▶ [What you will do]: Write out every entry precisely as given, leaving the pictures out.

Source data

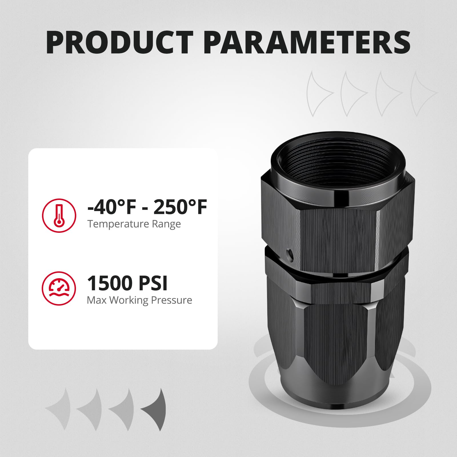 [Parameter] Max Working Pressure: 1500PSI. Working Temperature Range: -40℉ to 248℉ (-40℃ to 120℃).
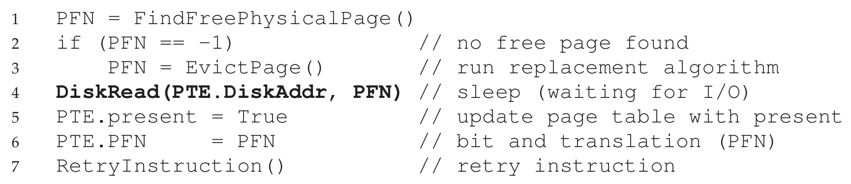 디스크 입출력이 완료되면 OS는 페이지 테이블을 업데이트하고, PTE의 PFN 정보를 업데이트한다. 이후 명령은 재시도 된다.
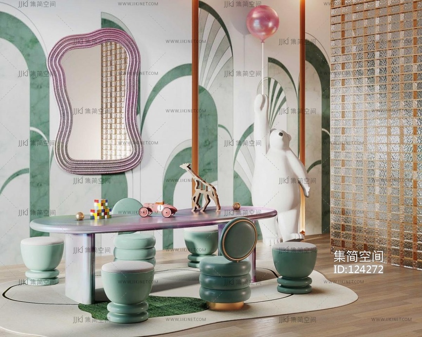 现代儿童桌椅 3d模型下载 [模型ID:124272]
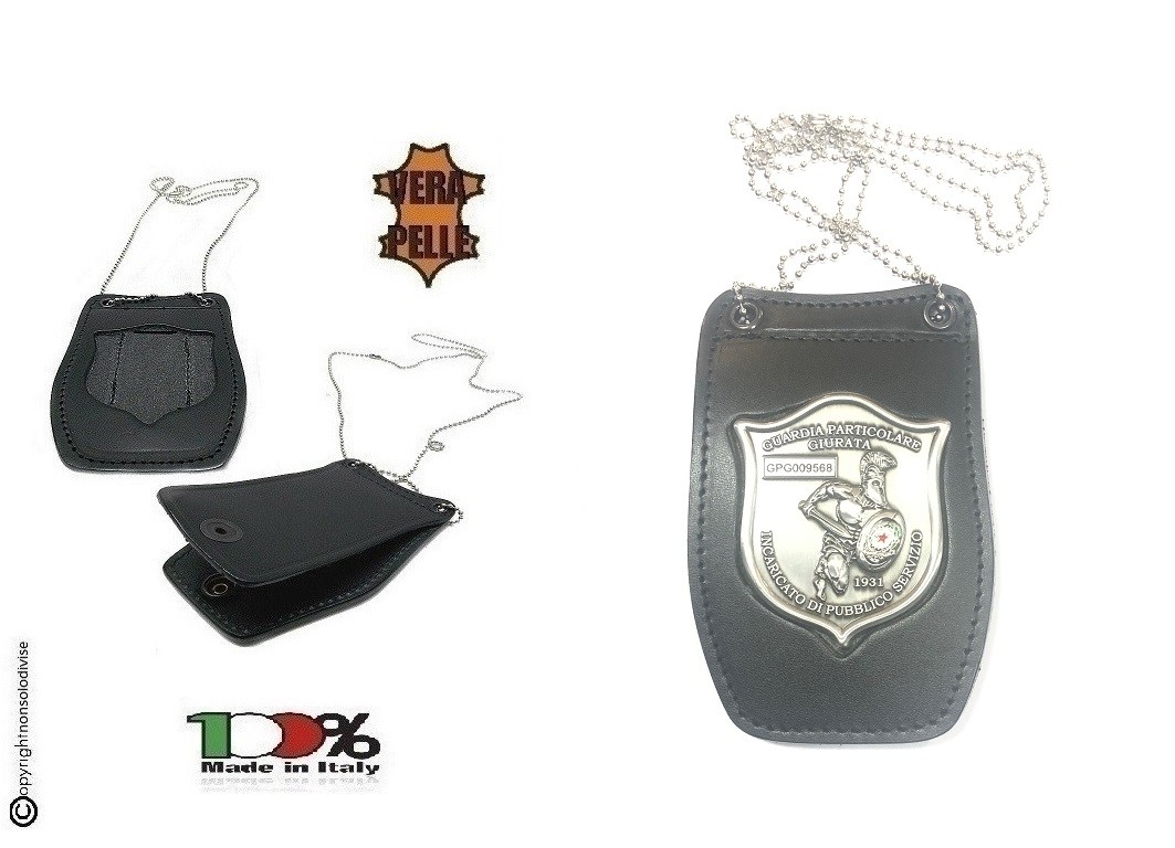 - realizzato in cuoio con catenella in metallo, possibilità di aggancio alla cintura tramite passante. Specifico per placca GPG IPS Prodotto Italiano Supporto Vega Holster Placca Metallo a marchi Registrato a Rilievo 3D Placca Senza Clip Fissa cm 5.50x6.20
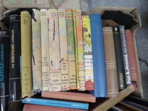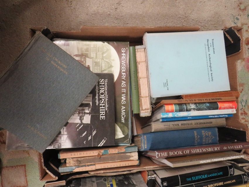 TWO TRAYS OF VINTAGE BOOKS TO INC A SELECTION OF EARLY LOCAL HISTORY BOOKS, HISTORY AND VARIOUS TRANSACTIONS OF THE SHROPSHIRE ARCHAEOLOGICAL SOCIETY
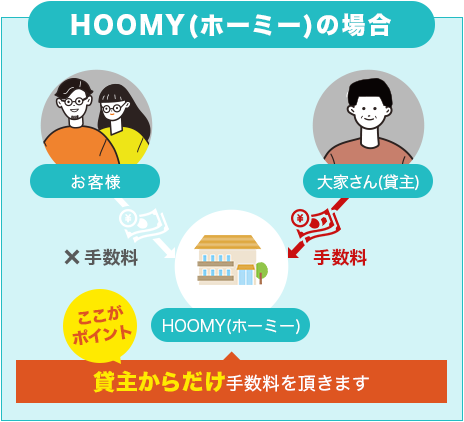 ですがHOOMY(ホーミー)では物件オーナー様から手数料の出る物件に関しては、お客様の手数料0円でご紹介致します。

▶ [Task result]:
 [Parameter] Max Working Pressure: 1500PSI. Working Temperature Range: -40℉ to 248℉ (-40℃ to 120℃).
 디스크 입출력이 완료되면 OS는 페이지 테이블을 업데이트하고, PTE의 PFN 정보를 업데이트한다. 이후 명령은 재시도 된다.
 现代儿童桌椅 3d模型下载 [模型ID:124272]
 - realizzato in cuoio con catenella in metallo, possibilità di aggancio alla cintura tramite passante. Specifico per placca GPG IPS Prodotto Italiano Supporto Vega Holster Placca Metallo a marchi Registrato a Rilievo 3D Placca Senza Clip Fissa cm 5.50x6.20
 TWO TRAYS OF VINTAGE BOOKS TO INC A SELECTION OF EARLY LOCAL HISTORY BOOKS, HISTORY AND VARIOUS TRANSACTIONS OF THE SHROPSHIRE ARCHAEOLOGICAL SOCIETY
 ですがHOOMY(ホーミー)では物件オーナー様から手数料の出る物件に関しては、お客様の手数料0円でご紹介致します。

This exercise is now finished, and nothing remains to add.